News: What is faster? Hashtable/hashmap, others?

  1. What is faster? Hashtable/hashmap, others? (15 messages)

    James Sutherland has published a series of microbenchmarks on performance of specific twinned classes - things like Hashtable vs. HashMap, etc. etc. He has some interesting conclusions.

    True performance optimization involves measuring the current performance. Profiling the application and determining the bottlenecks. Investigating and implementing optimizations to avoid the bottlenecks.

    But how should one code on a day to day basis for optimal performance? Are synchronized methods slow? Are final methods fast? What is faster Vector, ArrayList or LinkedList? What is the optimal way to iterate a List? Is refection slow? I will attempt to answer these questions in this post.

    For Hashtable/HashMap: Hashtable wins.

    Between Vector and ArrayList, ArrayList wins.

    For iteration, using the index into an ArrayList/Vector is fastest, with an Enumeration being faster than an Iterator.

    There are more results (mostly focused on reflection and methods being set to final, and stuff like that) but what stands out to me is a hole in methodology: he used an old JVM (1.6.0_07 or so, maybe he was unable to uninstall and update, like that java champion?) and he mostly reports from single-threaded use.

    That last point is the thing that bugs me: everything was single-threaded. On one hand, that makes sense - most code is single-threaded. People don't code for multiple thread-access to a single collection. On the other hand, it's more common than you might think, and the effects can be pretty bad if you're not at least ready to go threadsafe; on the third hand, maybe you shouldn't use Java if you're doing major threading. The JVM, fine, but use Scala or something.

    Threaded Messages (15)

  2. Truly, I don't think I got it right. The fact tha hashtable does 3605235 operations/10 seconds doesn't make it faster than hashmap (2908854), only that the first is more complex than the second one.

    What were the total execution time for each class? Even if the times spent for each class were equal, I'd go with hashmap, because of less resource spent...

  3. This kind of benchmarks is not very interesting in my opinion. First, a LinkedList and an ArrayList do not address the same needs (to pick an example). Second, I highly doubt your choice of container really affects the performance of your typical web app. The bottleneck is simply not there.

    It's way more interesting to consider whether a particular container supports concurrency or preserves the order of inserts.

  4. In my experience often performance issue is I/O. People are building distributed systems that spend most time waiting for database or remote service to respond. Then, when performance is measured per business operation, it turns out that in-vm processing takes fractions of total time, no matter what type of collection is used.

    When optimizing performance, it is always important to know the context. While there are myriads of implementation aspects that are abstractly slower or faster, only a few of them do really matter in specific context. And worth optimization effort.
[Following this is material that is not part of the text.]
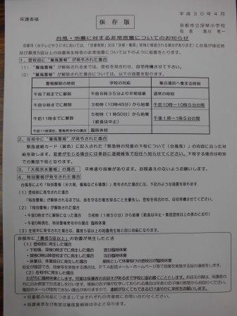 4月にお配りした「台風・地震に対する非常措置についてのお知らせ」を再度ご確認ください。また,リビング等の目につく場所に掲示するなどして,災害時に安全に対応できるように各ご家庭でも非常時における集合場所等も含めてご確認ください。自然災害の大きさによっては,携帯・スマホ・メール配信等が使用できない場合も想定されます。常日頃から,学校・地域・家庭において,防災意識を高めていきたいと思います。宜しくお願いします。(ホームページ右側にも「配布文書」の欄に載せてあります。)
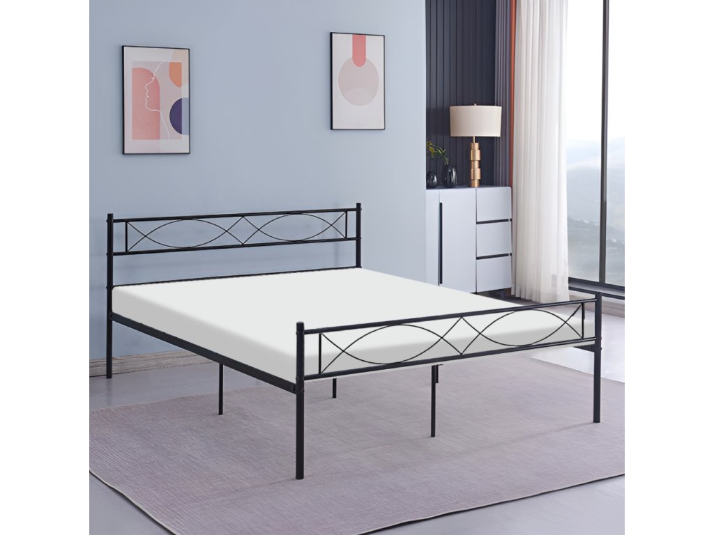 Kovová postel s roštem, 180x200, černá, STELVIA

  5. I/O is the bottleneck[ Go to top ]

    I strongly agree.

  6. Agree[ Go to top ]

    In my experience often performance issue is I/O. People are building distributed systems that spend most time waiting for database or remote service to respond. Then, when performance is measured per business operation, it turns out that in-vm processing takes fractions of total time, no matter what type of collection is used.

    When optimizing performance, it is always important to know the context. While there are myriads of implementation aspects that are abstractly slower or faster, only a few of them do really matter in specific context. And worth optimization effort.

    Very good and true point! 

  7. Although I fully agree that noramlly optimizations are much more coarse, I/O, database etc. It depends on what you are optimizing for. If you need maximum throughput you need to run many threads with little I/O etc. But you may also optimize for minimal latency, i.e. if running only 10 threads each request must take <10ms. So depending on your actual problem all types of optimizations may help you.

  8. Good data. Needs more refinement[ Go to top ]

    Interesting data for single threaded tests. But different java data structure are optimized for specific use cases. It is not correct to compare them. Some facts like slowness of Reflection are well known

    It would have been more interesting, if we had this data on different JDK versions which would have given us some ideas about the improvements done in Java.

     

     

  9. LinkedList[ Go to top ]

    Has anybody found a good reason (real world scenario) to use LinkedList?

    LinkedList uses up to twice the space (or worse really because it is doubly linked), it caches poorly, and is slower for most operations (even the in ones it is supposed to beat ArrayList).

    Has anybody found it useful?

  10. LinkedList has its place[ Go to top ]

    http://stackoverflow.com/questions/322715/when-to-use-linkedlist-over-arraylist

    When I am performing add/remove operations on a list frequently, and don't need to access data based on index and only want to iterate over a list of elements, I am using LinkedList.

  11. LinkedList has its place[ Go to top ]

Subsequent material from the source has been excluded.